Théologienne féministe, Pauline Jacob détient un Ph. D. en théologie pratique et une maîtrise en psychoéducation de l’Université de Montréal. Elle est l’auteure d'« Appelées aux ministères ordonnés » (Novalis, 2007), coauteure de « L’ordination des femmes » (Médiaspaul, 2011) et a à son actif plusieurs articles. Elle poursuit depuis plus de 15 ans des recherches sur l'ordination des femmes dans l’Église catholique et est très active à l’intérieur du réseau Femmes et Ministères.

4 réflexions au sujet de « Des rayons de soleil et des nuages au coeur de l’Église »
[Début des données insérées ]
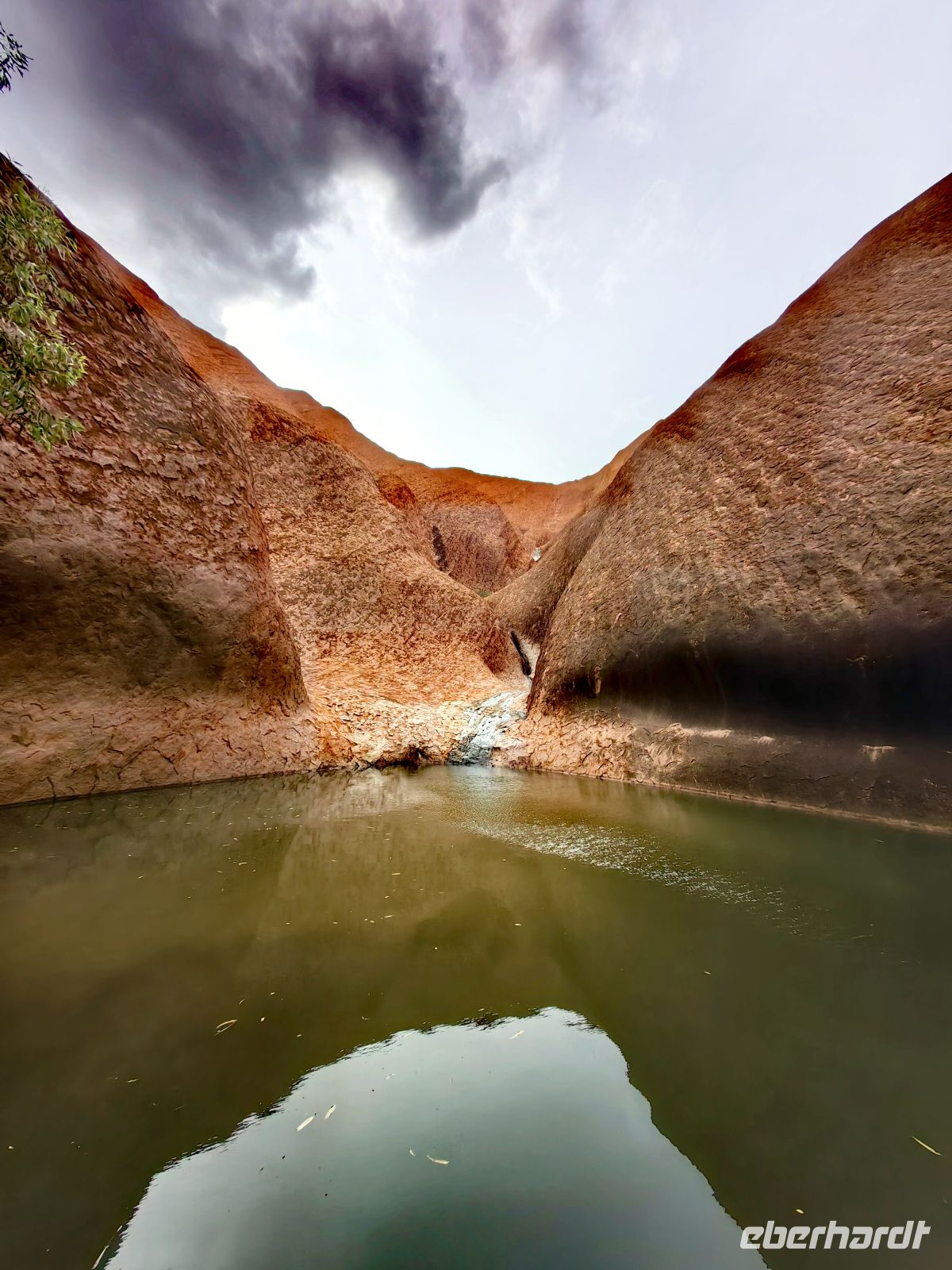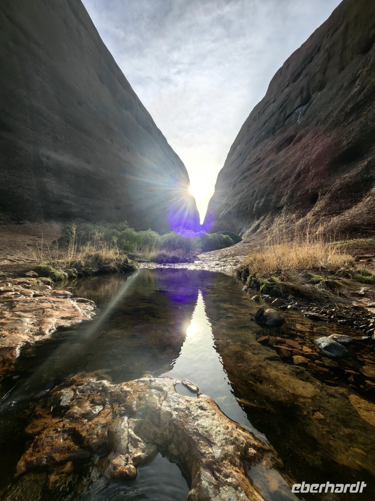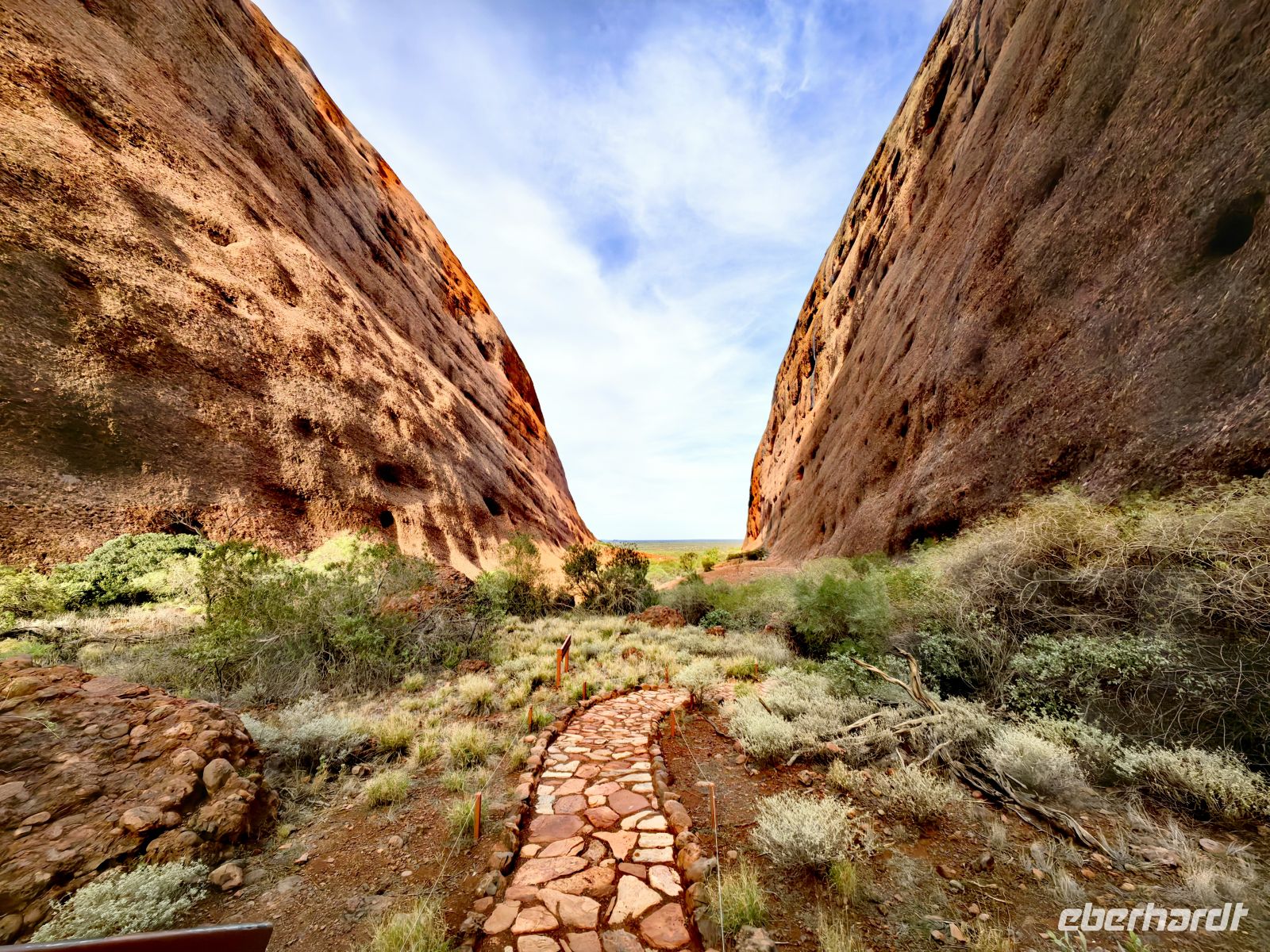 Wir laufen gemeinsam über rote Steine, kraxeln über Brücken und erreichen die Walpaschlucht. Die Landschaft ist faszinierend. Der Boden unter unseren Füßen ist rot wie Tomatensauce und porös. Eukalyptusbäume und Sträucher säumen unseren Pfad und rechts und links ragen die riesigen Felswände der Kata Tjutas empor. Als wir eine Aussichtsplattform erreichen, erstreckt sich die fantastische Landschaft vor unseren Augen. In einem kleinen Wasserlauf entdecken wir Kaulquappen.

  1. Merci Pauline pour ce texte éclairé et pertinent sur ces ambivalences de notre Église: espoirs et déceptions, avancées et statuquos.
    Gardons l’espérance et continuons notre marche vers la pleine humanité.

  2. Une analyse claire et lucide.
    Les clercs de l’Église nous ont habitués aux discours théoriques sans fondement pratique. Alors, il n’est pas exagéré de penser qu’on est encore une fois logé à la même enseigne. La seule alternative valable serait-elle alors de s’en aller? Aucun pouvoir ne peut empêcher les disciples de parler; comme à l’entrée triomphale à Jérusalem : « Je vous le dis, s’ils se taisent, les pierres crieront! » (Luc 19; 40).
    Cette Église trop humaine, s’anéantit aujourd’hui d’elle-même. Nous vivons cette douloureuse tragédie avec elle, mais, dans l’Espérance, nous le savons, elle renaîtra purifiée.

  3. Au risque de paraître prétentieux, j’ajouterais que la présence de la prêtre de l’Église Hussite au Synode n’est pas anodine.

    Cette Église est l’héritière d’une forte volonté populaire témoignant au prix du martyre d’une volonté de réforme de l’Église et ce, dès 1415. Ils se sont séparés, l’Église Catholique ne s’est pas corrigée et nous en sommes encore aux mêmes constats. Mais contrairement à cette époque, l’Église n’est pas intimement liée aux pouvoirs temporels. C’est, je pense, surtout par les intérêts économiques et politiques des nobles que le mouvement a été si sévèrement réprimé.

    Aujourd’hui, la réalité géopolitique est différente. Mais, tant que l’Église désirera comme les apôtres au temps de Jésus, savoir quand la royauté de droit divin sera-t-elle instaurée dans le monde, l’Évangile sera mise à mal.

  4. Un dernier point. Mais que faire pour que notre voix soit entendue?

    Non pas nous séparer, comme les Hussites, ça ne donne rien et ça va à l’encontre de la volonté du Christ de rester unis.

    Il faut, je crois parler le langage des « nobles » de l’Église, celui de l’argent.
    Payons à l’Église ce que nous pensons être une juste rétribution pour les services reçus. Mettons fin au trafic des indulgences. Ne donnons pas plus que ce qui en coûte pour le culte.